### Information:
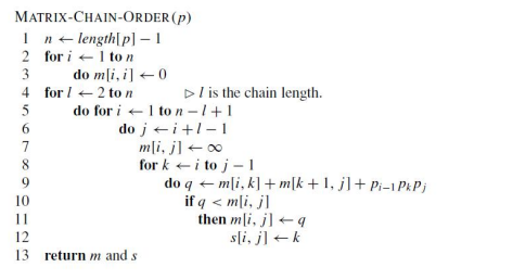 M [3,5] = min (M [3][3] + M [4][5] + p2 * p1 * p5 = 0 + 1680+ 3*12* 7= 1932
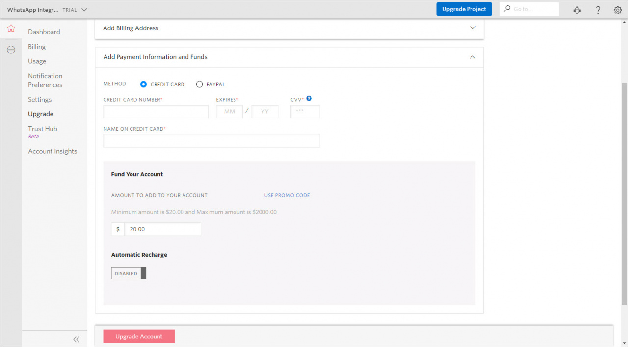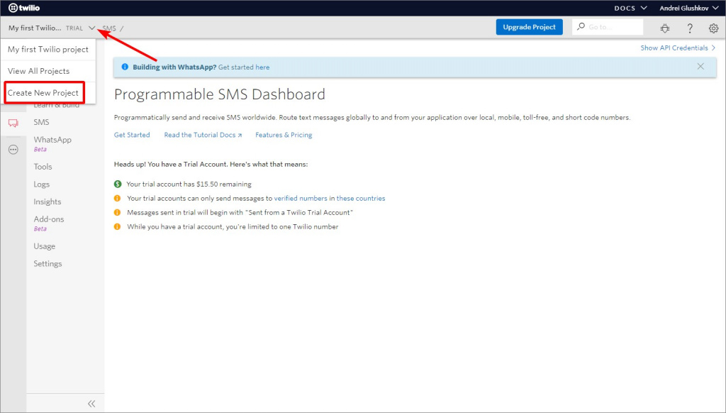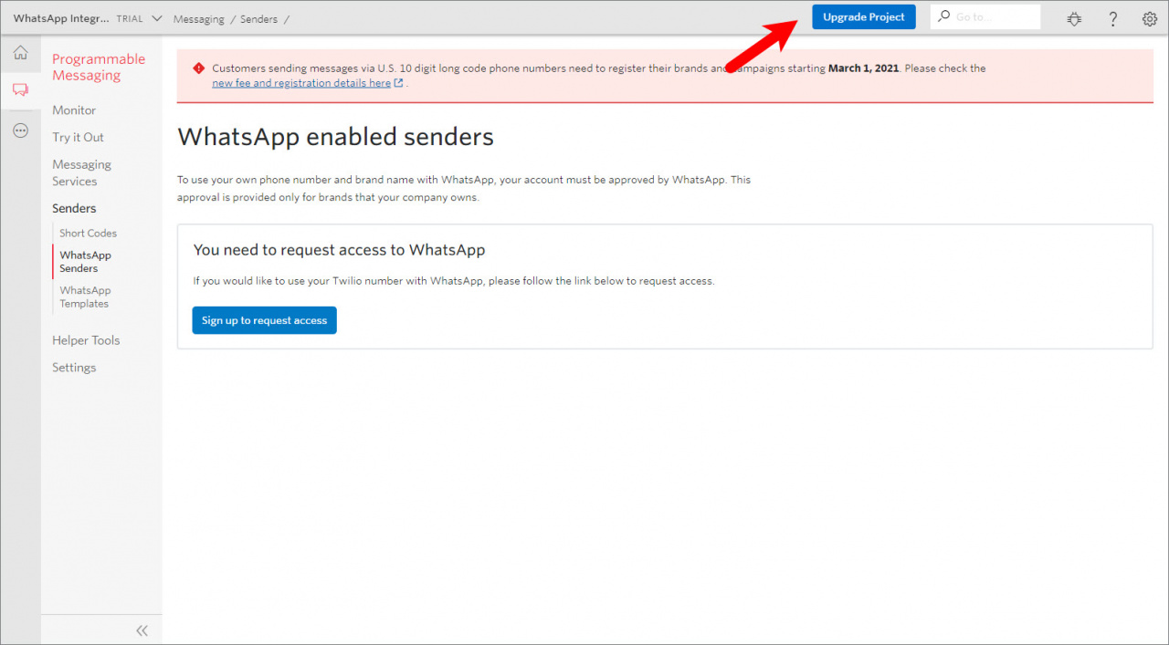 Jeśli masz konto testowe, musisz przejść na płatne konto, aby połączyć integrację WhatsApp. W tym celu kliknij przycisk Upgrade Project.
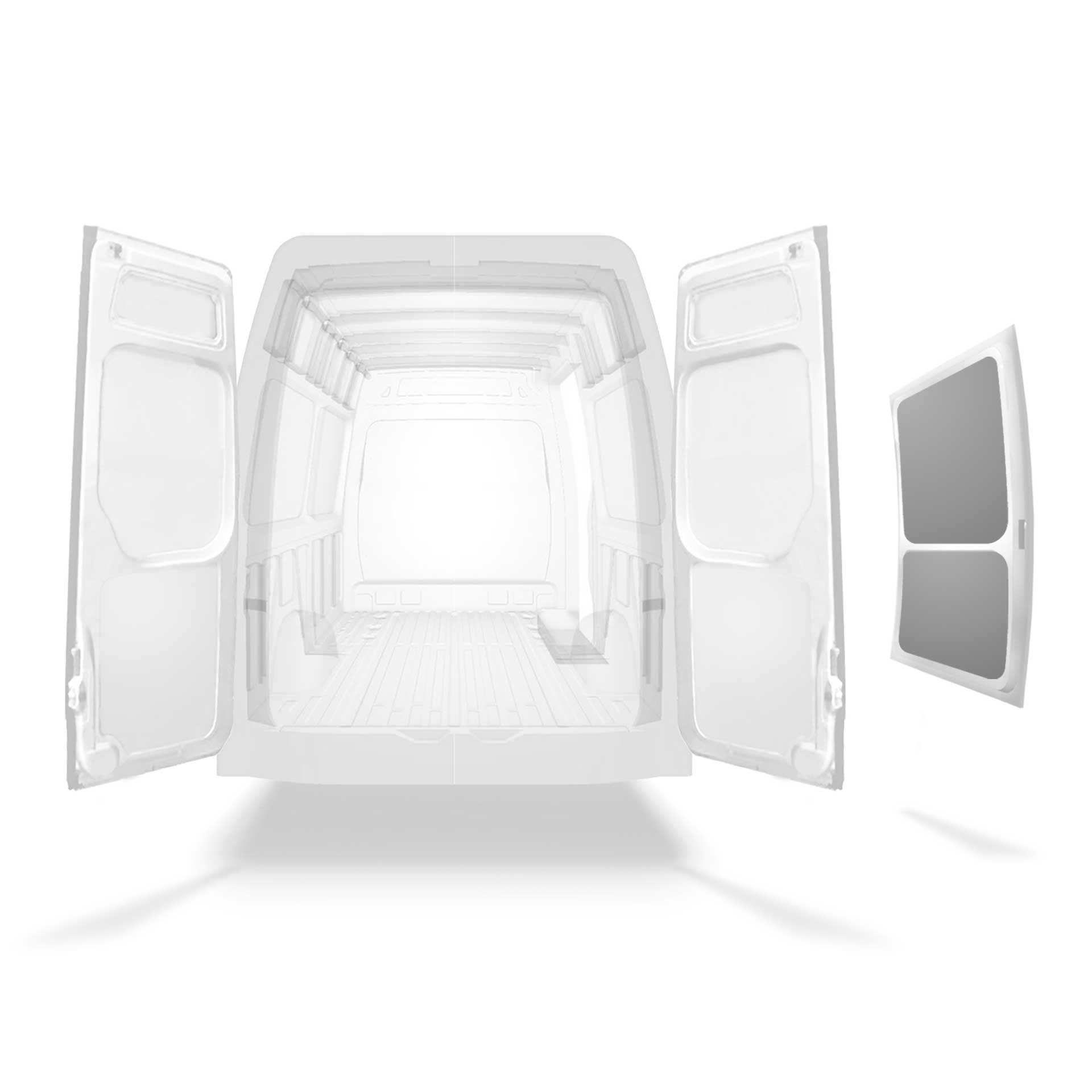 Este ligero revestimiento panelado de puertas laterales es para una Mercedes Sprinter con puerta lateral a la derecha. Todos los materiales del revestimiento panelado utilizados son fáciles de limpiar y crean un entorno de trabajo luminoso.
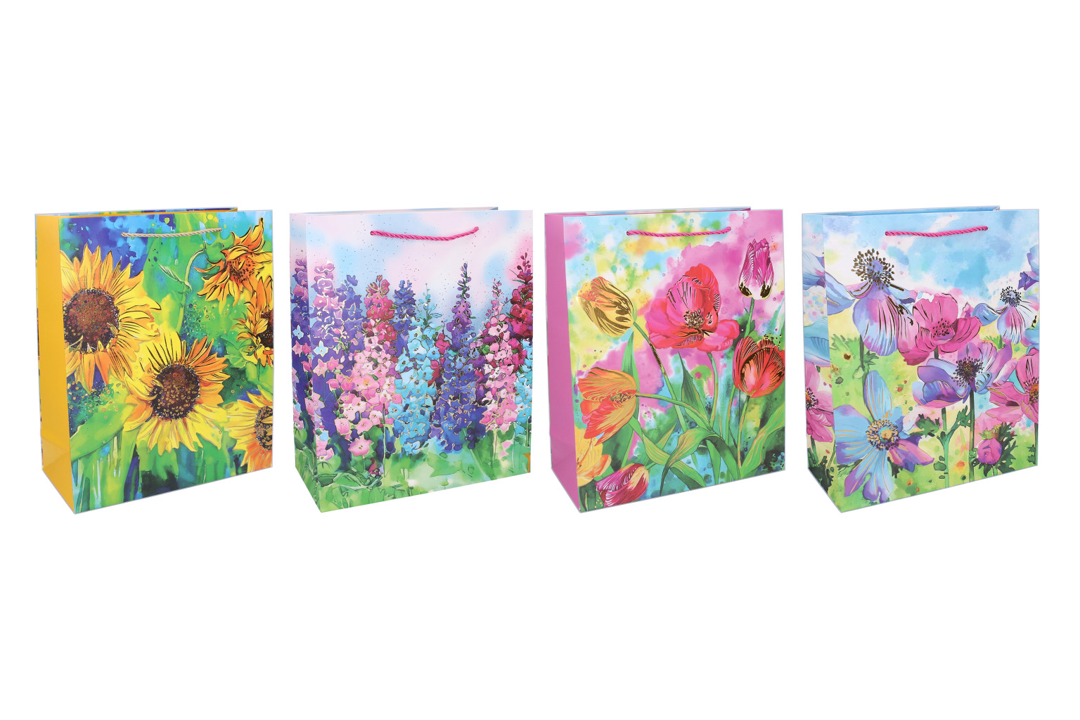 Dotaz na produktDárková taška o velikosti L 31x42x12 cm Celorok. 4 varianty květin.
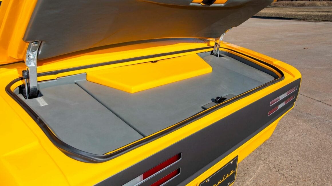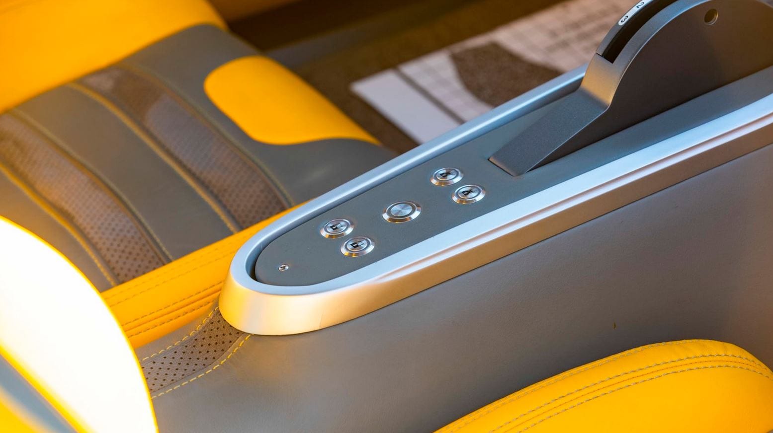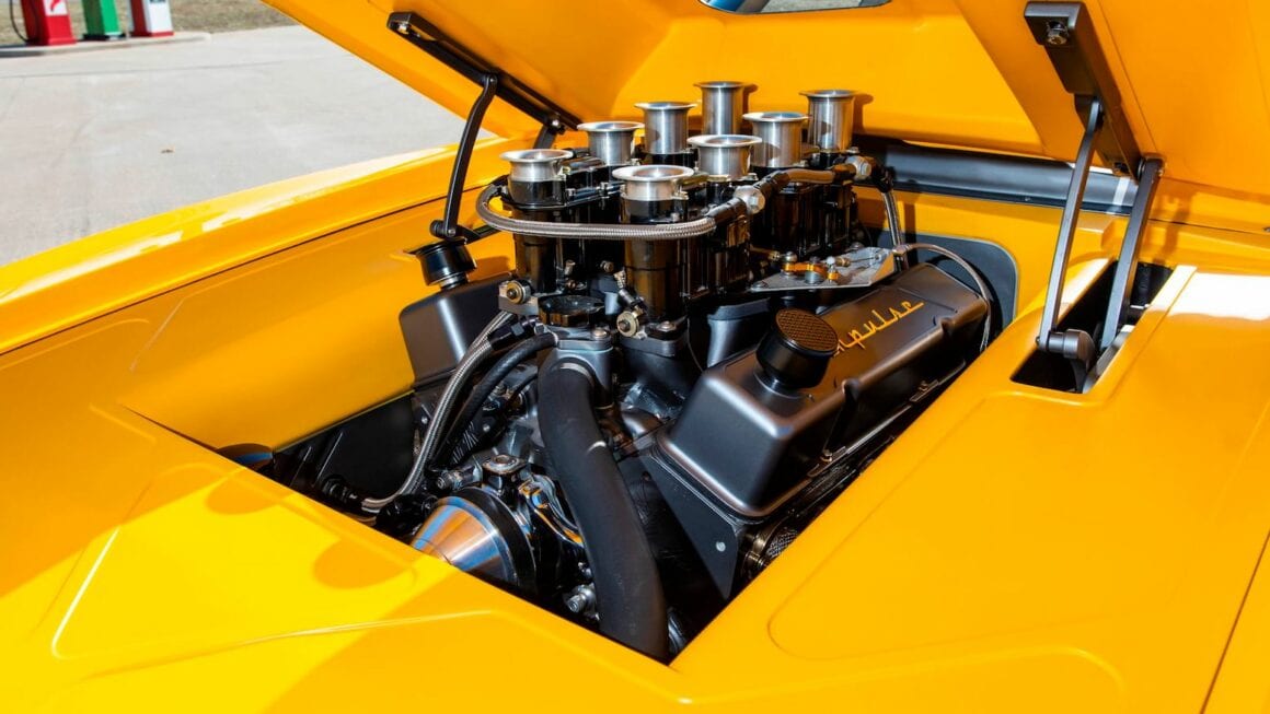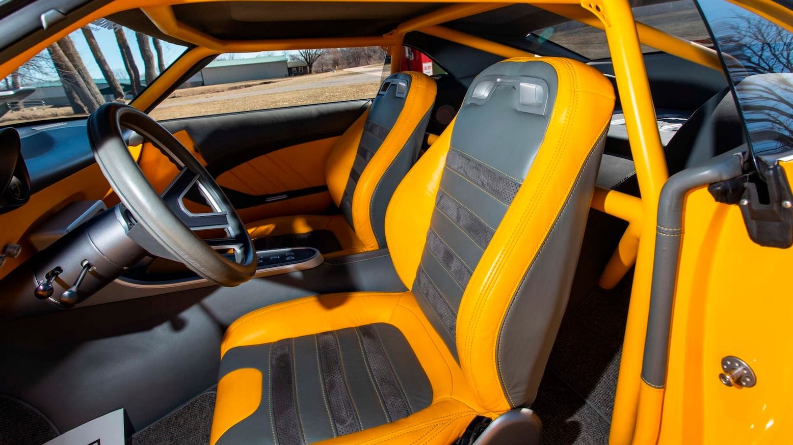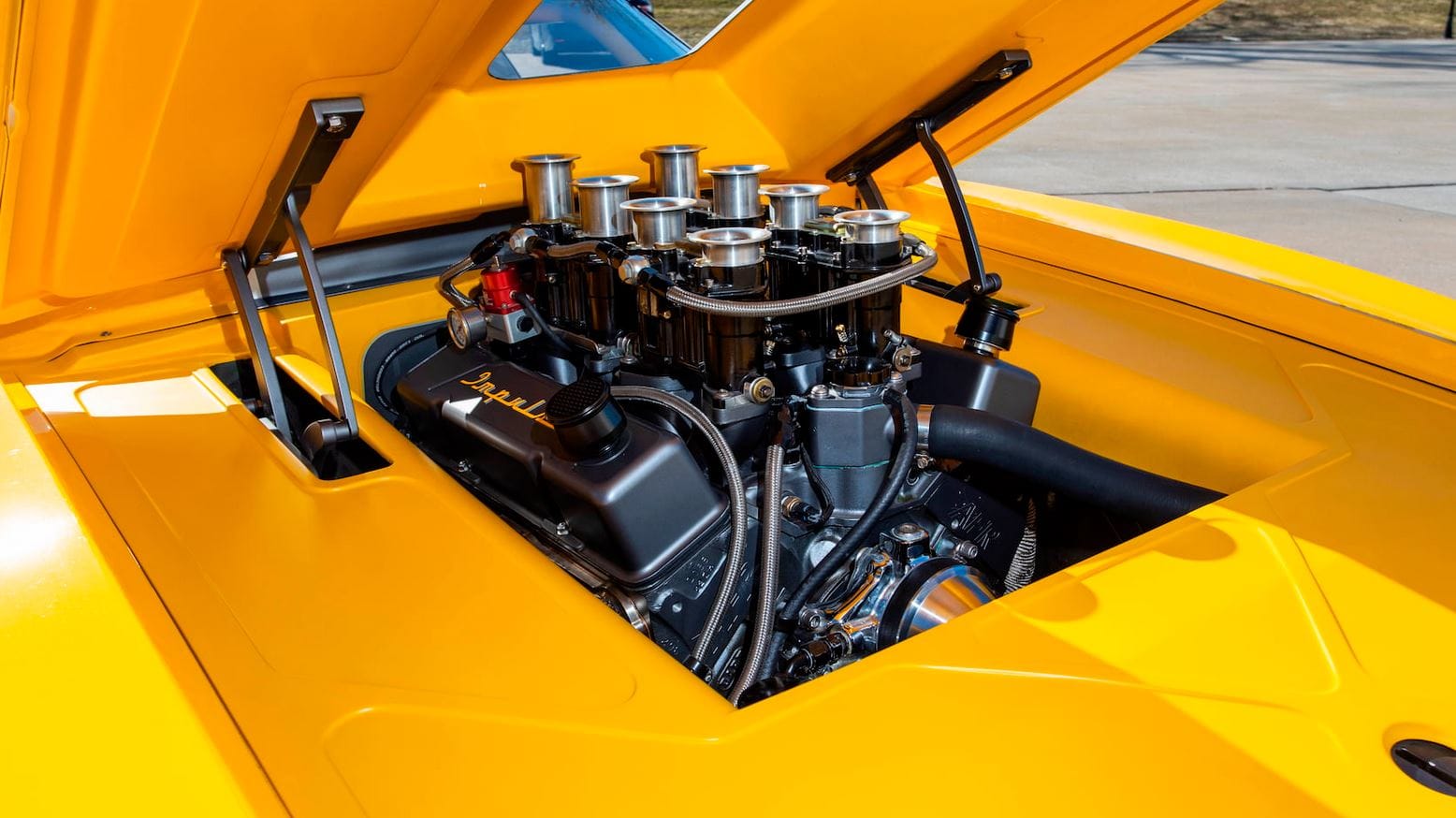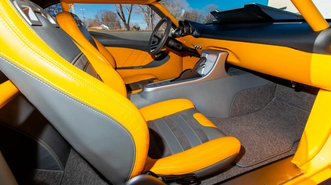 “Impulse” est le nom de cette “Chevrolet Camaro Custom 1968” hautement personnalisée. Construite par “Bonnell’s Rod Shop” en Pennsylvanie, la voiture a été sponsorisée par la société de peinture “PPG” qui l’a exposée dans son stand au SEMA Show. La carrosserie classique “f-body” a été radicalement changée, surbaissement du toit, allongement de la carrosserie. Une fois tout le travail en métal terminé, “Bonnell’s Rod Shop” a peint la Camaro d’un “Envirobase Impulse Yellow” de “PPG” avec un verni “New Vibrance” pour vraiment faire ressortir l’éclat général.
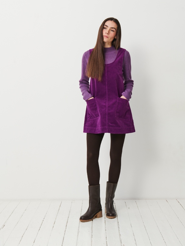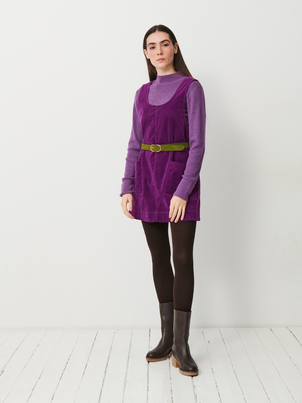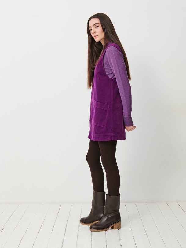 The Nadina dress naturally echoes the pinafore silhouette: straight cut and above-the-knee length for an easy, feminine fit. The straps are adjustable with buttons, allowing you to adjust the height to suit your desired look. Made from cotton, it is lightweight, comfortable and easy to wear — on its own or layered over a shirt, turtleneck or jumper, with tights and boots for an instantly chic and casual outfit.
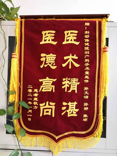 鹿敬方贈錦旗感謝我院趙偉、孫文潔等

### Your assignment:
An exact copy of every line above is needed, without the images.

### Solved problem:
 M [3,5] = min (M [3][3] + M [4][5] + p2 * p1 * p5 = 0 + 1680+ 3*12* 7= 1932
 Jeśli masz konto testowe, musisz przejść na płatne konto, aby połączyć integrację WhatsApp. W tym celu kliknij przycisk Upgrade Project.
 Este ligero revestimiento panelado de puertas laterales es para una Mercedes Sprinter con puerta lateral a la derecha. Todos los materiales del revestimiento panelado utilizados son fáciles de limpiar y crean un entorno de trabajo luminoso.
 Dotaz na produktDárková taška o velikosti L 31x42x12 cm Celorok. 4 varianty květin.
 “Impulse” est le nom de cette “Chevrolet Camaro Custom 1968” hautement personnalisée. Construite par “Bonnell’s Rod Shop” en Pennsylvanie, la voiture a été sponsorisée par la société de peinture “PPG” qui l’a exposée dans son stand au SEMA Show. La carrosserie classique “f-body” a été radicalement changée, surbaissement du toit, allongement de la carrosserie. Une fois tout le travail en métal terminé, “Bonnell’s Rod Shop” a peint la Camaro d’un “Envirobase Impulse Yellow” de “PPG” avec un verni “New Vibrance” pour vraiment faire ressortir l’éclat général.
 The Nadina dress naturally echoes the pinafore silhouette: straight cut and above-the-knee length for an easy, feminine fit. The straps are adjustable with buttons, allowing you to adjust the height to suit your desired look. Made from cotton, it is lightweight, comfortable and easy to wear — on its own or layered over a shirt, turtleneck or jumper, with tights and boots for an instantly chic and casual outfit.
 鹿敬方贈錦旗感謝我院趙偉、孫文潔等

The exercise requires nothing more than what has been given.